Our View of the Times – March 12

On March 12, 2014, in Latest News, by The Somerville Times

powderhouse_viewA Board of Aldermen public hearing is scheduled for 6 p.m. this Thursday (March 13) at City Hall to discuss a resolution for the city’s retirement board to divest from any investments tied to the fossil-fuel industry.

The hearing was held after 129 registered voters submitted a petition asking for the hearing to take place. Based on comments from aldermen while discussing the petition at the board’s Feb. 27 meeting, during which there was some difficulty scheduling the hearing because a number of them made a point saying they wanted to be present, the resolution should be a slam dunk for Fossil Free Somerville, which organized the petition effort and describes itself in a press release as “a grassroots organization dedicated to locally oriented action designed to combat climate change and challenge the companies that drive it.”

The group would like to see the city, again from the release, “immediately cease any new investments in fossil fuel companies, and fully divest from direct holdings and commingled funds within five years.”

The “comingled” part of the proposal will be the most interesting part should the resolution turn into action. Who exactly will be responsible for delving into the six degrees of investment separation is not clear, and nor is the issue of how future “comingled” investment will be detected and kept away from the city’s pension portfolio. Of course, all of this rests on the assumption that the city even has investments tied to the industry.

And how effective will such a measure be? After all, Exxon Mobil was listed by Fortune magazine this past July as the world’s most profitable company, with sales of $44.9 billion in 2012. Where there is profit, there will be people (investors) who will want a piece of it. Nature abhors a vacuum; so does Wall Street.

The main way to tackle the fossil-fuel industry is still good old capitalism. If a company can make and market vehicles, for example, that are affordable, serviceable and attractive to consumers, that would wean people off of fossil-fuel dependence.

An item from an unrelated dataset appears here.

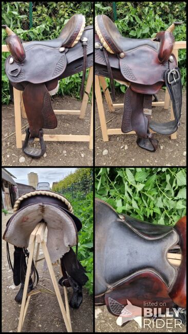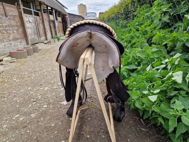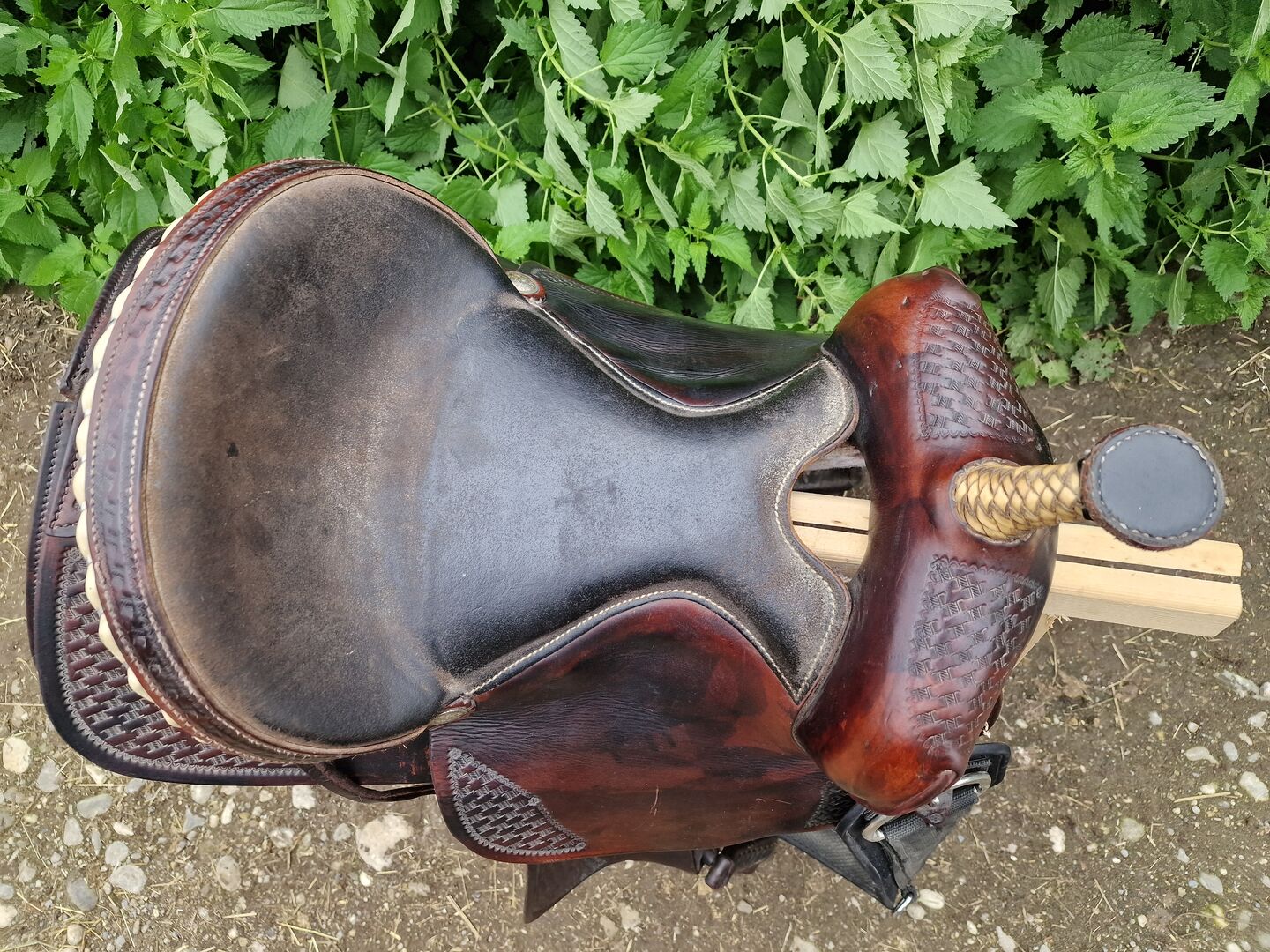 Gebruikt, goede staat. De vulling moet vernieuwd worden, het leer aan de binnenkant van de stijgbeugels heeft wat verzorging nodig. Ik heb het een keer ruw afgestoft. Droog en beschermd tegen weersinvloeden opgeslagen.

That would lower profits and dividends, so divestment would then be both ecologically and fiscally responsible.

Still, the city and its residents will be able to pat themselves on their backs for making a symbolic gesture, even if it’s complicated in its actual execution, towards the environment and the need to discuss and act on climate change as a matter of scientific fact and not political, partisan debate.

To everyone who bikes or walks to the meeting, with your cloth shopping bag in your backpack and your (paper, not Styrofoam) cup of fair-trade coffee in your hand, your conscience is clean, even if fossil fuels aren’t.

While doing something instead of nothing is still something. it will be interesting to see just how many hybrids there will (or won’t) be in the City Hall parking lot Thursday.

It’s kind of like a smoker who is adamant that no portion of his 401k be in any way tied to the tobacco industry.

Just sayin’.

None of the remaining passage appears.